Distributed by Women Make Movies, 462 Broadway, New York, NY 10013; 212-925-0606
Produced by Phoebe Hart
Directed by Phoebe Hart
DVD, color, 60 min.
Sr. High - General Adult
Gender Studies, Transgender Studies, Child Development, Gay and Lesbian Studies
Reviewed by Sarah B. Cornell, Daniel Webster College
Date Entered: 11/10/2011
Phoebe Hart tells an intensely personal story of living with androgen insensitivity syndrome (AIS) using a combination of family photos and home videos, cut-paper animation, and hand-held footage.

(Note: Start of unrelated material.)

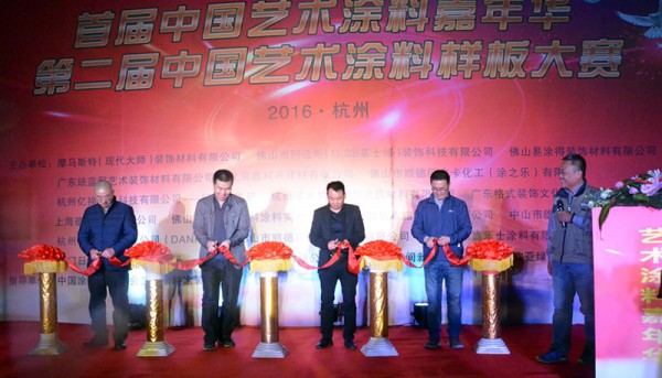 隨著中國涂料工業協會副秘書長劉杰、中國涂料工業協會藝術涂料涂裝分會理事長陶文生、秘書長梁海生、杭州裝飾裝修商會涂料委會長樓紅龍手中的紅綢飄然落下,標志著首屆中國藝術涂料嘉年華暨第二屆中國藝術涂料樣板大賽于2016年12月17日在杭州拉開帷幕。浙江省涂料工業協會秘書長馬新華、廣東省涂料行業協會秘書長呂水列應邀出席了活動啟動儀式。來自藝術涂料企業代表、涂裝工程師、下游經銷商、代理商等共計將近1 300人參加了此次活動。

She candidly reflects on her psychological states from childhood to adulthood, but doesn’t stop there; she weaves in how having AIS affects relationships with parents, siblings, extended family, friends, and sexual partners. Most importantly, Phoebe reflects on what it means to connect with others who have intersex conditions, some of whom call themselves “Orchids.”
AIS has deeply affected Phoebe’s family—her mother is a carrier of the genetic disorder which presented in both Phoebe and her sister Bonnie but not their sister Sophie. Their parents didn’t explain what was going on with their bodies until Phoebe was 18 and Bonnie was 11, and both sisters describe rebellious and depressive phases following the revelation. Phoebe also reports that she was told to keep the information to herself, suggesting that shame and isolation were the only way to handle her identity.
Phoebe is tired of not talking about her gender, and is clearly pushing the envelope in terms of her parents’ desire for privacy. In order to “get on with her life,” Phoebe sets out on a cross-country road trip with Bonnie to visit Sophie, their parents, and several friends she met through AIS Support Group Australia. These visits effectively present a variety of age groups living with AIS or related syndromes, as well as a variety of perspectives on “treatment” and coming out.
The film balances personal stories with a brief introduction to the biology of intersex syndromes and provides scientific as well as demographic context, noting that “there could be as many as one intersex baby in every hundred.” Statistics like these make the case for adding Orchids to any library collection, but it is a particularly welcome addition to gender studies collections because intersex conditions like AIS put mainstream gender stereotypes under the microscope in a way that nothing else does.